§ WHAT THE EXERCISE ASKS: Only the stretch of the listing below that runs from the line with "右手の甲が下を向いて、左手の" through the line with "Im Preis enthalten" is to be printed, exactly and with both ends.

§ EXTRACTED DATA:
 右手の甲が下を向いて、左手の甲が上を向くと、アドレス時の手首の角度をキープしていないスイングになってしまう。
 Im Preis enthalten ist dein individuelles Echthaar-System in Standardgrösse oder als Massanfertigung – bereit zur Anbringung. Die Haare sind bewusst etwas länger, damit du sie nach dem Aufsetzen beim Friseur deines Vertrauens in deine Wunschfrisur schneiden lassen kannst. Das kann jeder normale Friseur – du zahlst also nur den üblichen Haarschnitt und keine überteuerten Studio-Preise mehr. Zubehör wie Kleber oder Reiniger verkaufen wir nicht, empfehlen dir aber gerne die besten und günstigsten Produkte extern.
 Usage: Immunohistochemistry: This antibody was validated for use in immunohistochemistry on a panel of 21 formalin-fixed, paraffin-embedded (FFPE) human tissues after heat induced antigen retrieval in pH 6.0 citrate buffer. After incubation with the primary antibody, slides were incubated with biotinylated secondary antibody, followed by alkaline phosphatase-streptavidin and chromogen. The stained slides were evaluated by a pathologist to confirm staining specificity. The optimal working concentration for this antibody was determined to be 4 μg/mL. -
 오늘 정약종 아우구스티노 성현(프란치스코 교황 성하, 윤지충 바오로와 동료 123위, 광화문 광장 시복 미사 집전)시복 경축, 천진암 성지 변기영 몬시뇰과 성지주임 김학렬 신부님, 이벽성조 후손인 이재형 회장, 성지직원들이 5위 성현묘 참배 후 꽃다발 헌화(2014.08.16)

...

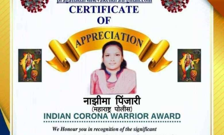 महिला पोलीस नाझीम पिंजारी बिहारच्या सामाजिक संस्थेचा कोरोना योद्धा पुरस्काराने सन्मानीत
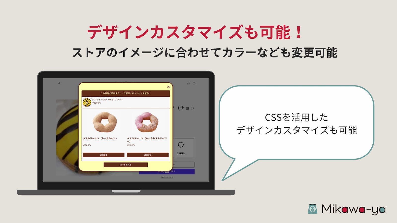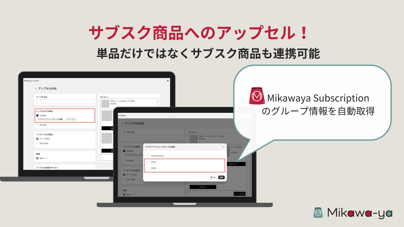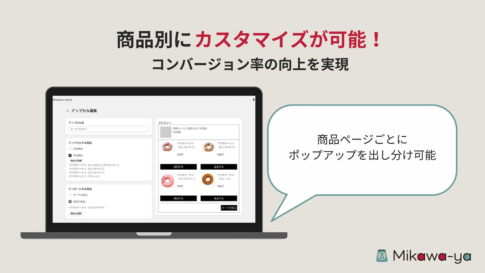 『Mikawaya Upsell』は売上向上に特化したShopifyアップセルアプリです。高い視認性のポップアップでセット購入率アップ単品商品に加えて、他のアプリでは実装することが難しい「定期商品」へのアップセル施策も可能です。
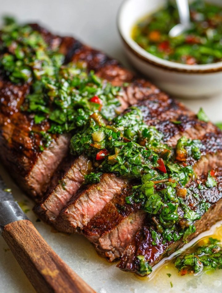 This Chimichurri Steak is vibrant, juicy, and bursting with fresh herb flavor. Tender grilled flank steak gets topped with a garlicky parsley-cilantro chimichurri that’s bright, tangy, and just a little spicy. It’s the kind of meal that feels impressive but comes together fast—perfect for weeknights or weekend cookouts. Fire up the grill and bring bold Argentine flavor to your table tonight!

...

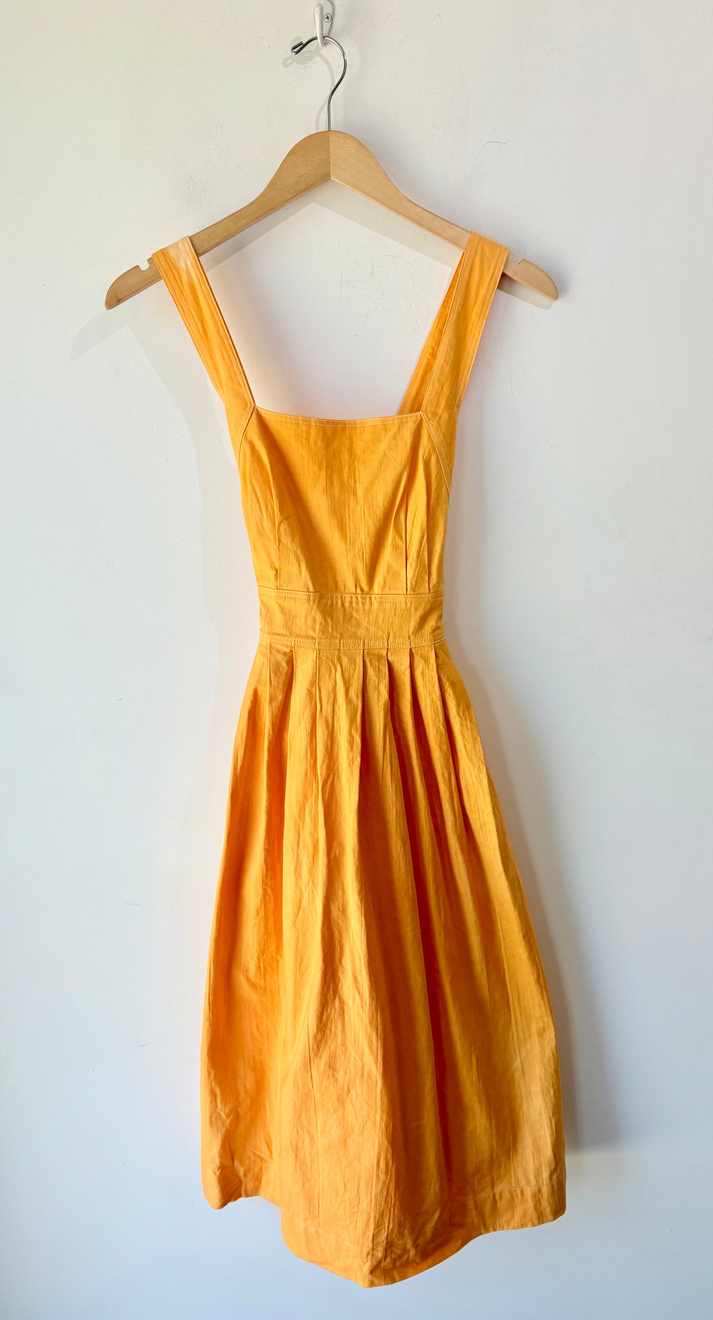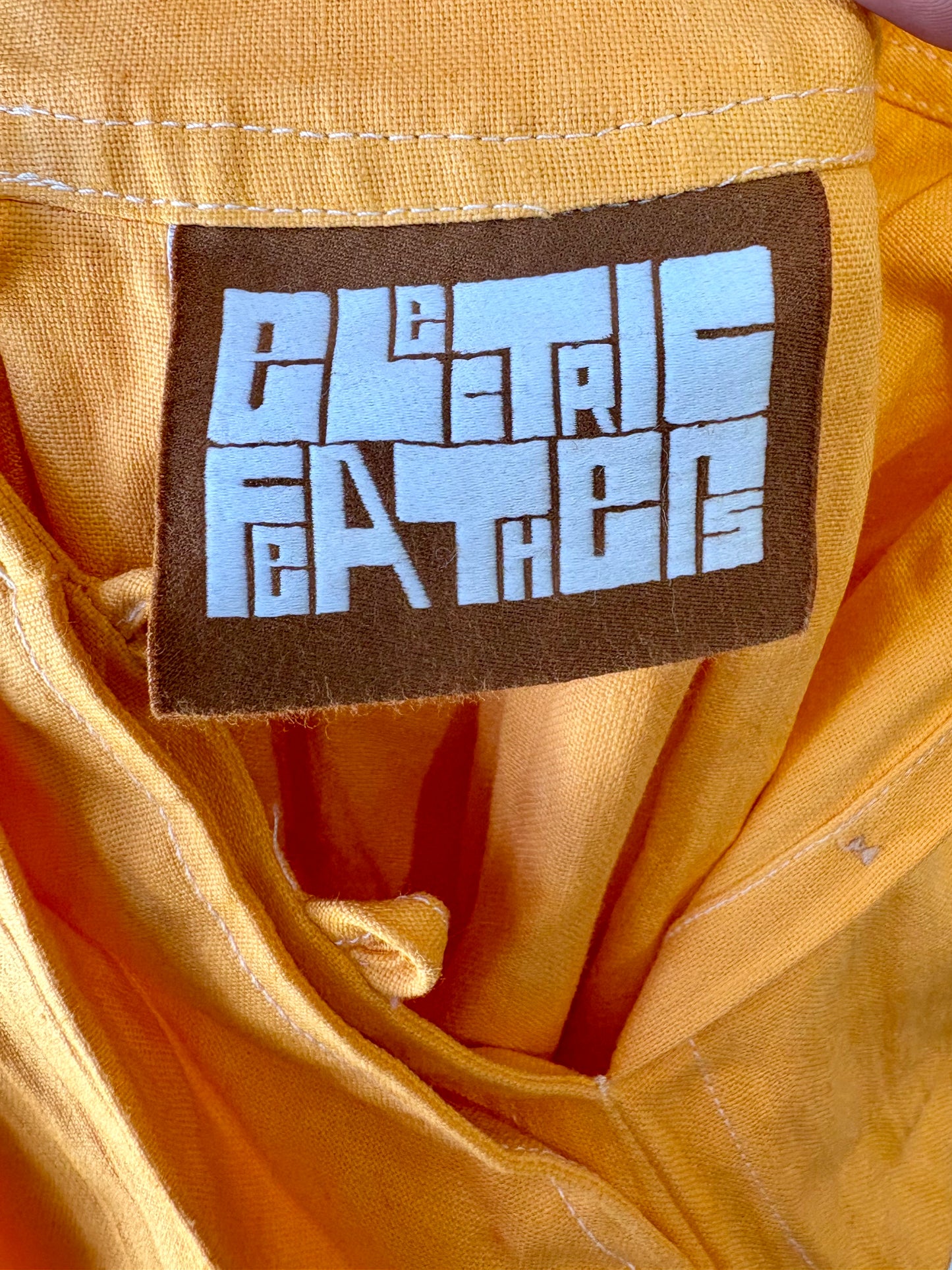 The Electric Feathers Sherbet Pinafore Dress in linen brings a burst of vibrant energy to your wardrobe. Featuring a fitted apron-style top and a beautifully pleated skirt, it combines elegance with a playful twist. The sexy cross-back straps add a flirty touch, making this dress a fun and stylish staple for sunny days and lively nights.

§ FINISHED TASK:
 右手の甲が下を向いて、左手の甲が上を向くと、アドレス時の手首の角度をキープしていないスイングになってしまう。
 Im Preis enthalten ist dein individuelles Echthaar-System in Standardgrösse oder als Massanfertigung – bereit zur Anbringung. Die Haare sind bewusst etwas länger, damit du sie nach dem Aufsetzen beim Friseur deines Vertrauens in deine Wunschfrisur schneiden lassen kannst. Das kann jeder normale Friseur – du zahlst also nur den üblichen Haarschnitt und keine überteuerten Studio-Preise mehr. Zubehör wie Kleber oder Reiniger verkaufen wir nicht, empfehlen dir aber gerne die besten und günstigsten Produkte extern.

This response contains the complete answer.